Short-chain acyl CoA deficiency (SCAD) is an autosomal recessive disorder of fatty acid beta-oxidation. Affected individuals can have variable presentations ranging from acidosis and neurological impairment to merely myopathy. Some patients may have vomiting, hypoglycemia and microcephaly. The symptoms may be triggered by viral infections and may present in adulthood. Management includes avoidance of fasting, following a special diet, which is low in fat and high in carbohydrates. Medications include L-carnitine and Riboflavin.

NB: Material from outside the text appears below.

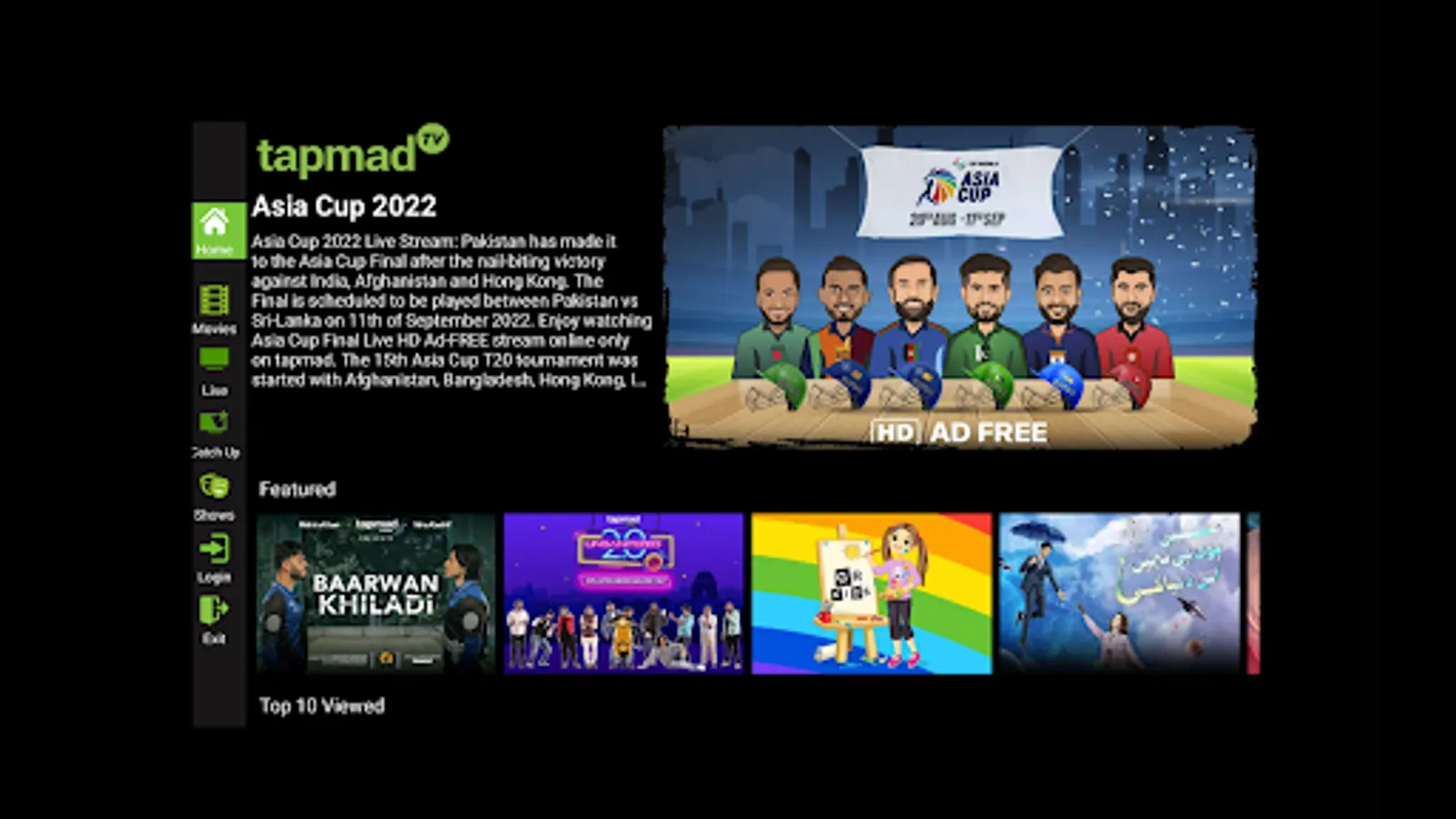 Introducing tapmad – Looking for a clean ad-free stream to watch Live Sports in HD? From all premium sports to entertainment, we’ve got you covered! tapmad gives you access to watch 100+ live HQ Channels - Choose from 1,000s of Dramas, Movies, Music, and much more, anywhere, anytime, on multiple devices!

Mutations in the ACADS gene lead to SCAD deficiency. ACADS gene is located on the long arm of chromosome 12 and it encodes short-chain acyl CoA dehydrogenase, which metabolize short chain fatty acids. Mutations in this gene affect the production of short-chain acyl CoA dehydrogenase and consequently result in the impairment of fatty acid metabolism.
Moammar et al. (2010) reviewed all patients diagnosed with inborn errors of metabolism (IEM) from 1983 to 2008 at Saudi Aramco medical facilities in the Eastern province of Saudi Arabia. During the study period, 165530 Saudi infants were born, of whom a total of 248 newborns were diagnosed with 55 IEM. Affected patients were evaluated based on clinical manifestations or family history of similar illness and/or unexplained neonatal deaths. Almost all patients were born to consanguineous parents. Fatty acid oxidation disorders were diagnosed in 18/248 patients (7%) who presented with enzymatic deficiency. Among them, four cases from two families were found to have SCAD deficiency. The estimated incidence of this condition was 2 in 100,000 live births. The authors concluded that data obtained from this study underestimate the true figures of various IEM in the region. Therefore, there is an urgent need for centralized newborn screening program that utilizes tandem mass spectrometry, and offers genetic counseling for these families.